Your instructions: The needed output is the run of lines below from the one containing "Поэтому узел лучше" through the one containing "整个中庭为本案的亮点。设计师", copied exactly and free of pictures.

Data extract:

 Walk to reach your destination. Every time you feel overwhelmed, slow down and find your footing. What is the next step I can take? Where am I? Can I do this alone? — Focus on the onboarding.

--

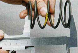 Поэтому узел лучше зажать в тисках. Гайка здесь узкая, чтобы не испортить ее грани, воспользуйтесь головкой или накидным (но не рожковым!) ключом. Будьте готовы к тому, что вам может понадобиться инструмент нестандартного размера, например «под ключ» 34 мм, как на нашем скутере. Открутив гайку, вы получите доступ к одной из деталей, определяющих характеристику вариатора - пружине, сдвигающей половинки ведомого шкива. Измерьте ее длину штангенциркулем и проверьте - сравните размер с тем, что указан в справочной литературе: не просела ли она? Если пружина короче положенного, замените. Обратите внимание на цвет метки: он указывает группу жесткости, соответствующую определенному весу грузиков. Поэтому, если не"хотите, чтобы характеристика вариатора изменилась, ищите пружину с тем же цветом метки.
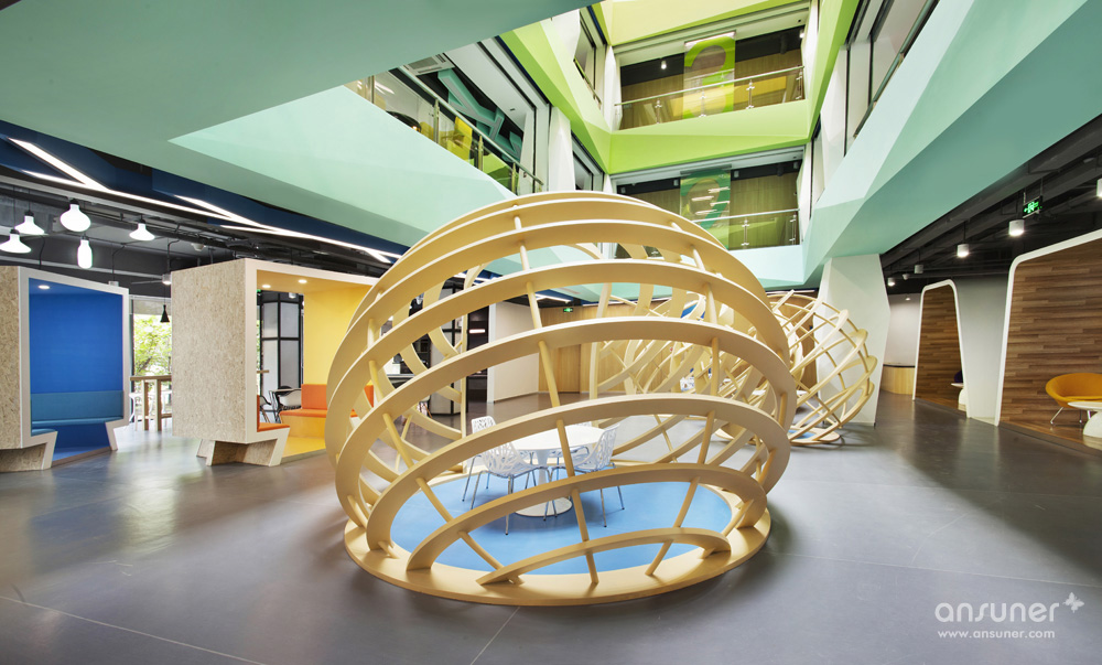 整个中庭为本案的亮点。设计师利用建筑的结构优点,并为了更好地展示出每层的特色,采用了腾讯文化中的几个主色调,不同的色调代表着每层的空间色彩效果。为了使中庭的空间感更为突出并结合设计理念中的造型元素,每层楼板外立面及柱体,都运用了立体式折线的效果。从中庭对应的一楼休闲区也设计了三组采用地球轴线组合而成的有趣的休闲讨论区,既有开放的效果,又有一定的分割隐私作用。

Completed exercise:
 Поэтому узел лучше зажать в тисках. Гайка здесь узкая, чтобы не испортить ее грани, воспользуйтесь головкой или накидным (но не рожковым!) ключом. Будьте готовы к тому, что вам может понадобиться инструмент нестандартного размера, например «под ключ» 34 мм, как на нашем скутере. Открутив гайку, вы получите доступ к одной из деталей, определяющих характеристику вариатора - пружине, сдвигающей половинки ведомого шкива. Измерьте ее длину штангенциркулем и проверьте - сравните размер с тем, что указан в справочной литературе: не просела ли она? Если пружина короче положенного, замените. Обратите внимание на цвет метки: он указывает группу жесткости, соответствующую определенному весу грузиков. Поэтому, если не"хотите, чтобы характеристика вариатора изменилась, ищите пружину с тем же цветом метки.
 整个中庭为本案的亮点。设计师利用建筑的结构优点,并为了更好地展示出每层的特色,采用了腾讯文化中的几个主色调,不同的色调代表着每层的空间色彩效果。为了使中庭的空间感更为突出并结合设计理念中的造型元素,每层楼板外立面及柱体,都运用了立体式折线的效果。从中庭对应的一楼休闲区也设计了三组采用地球轴线组合而成的有趣的休闲讨论区,既有开放的效果,又有一定的分割隐私作用。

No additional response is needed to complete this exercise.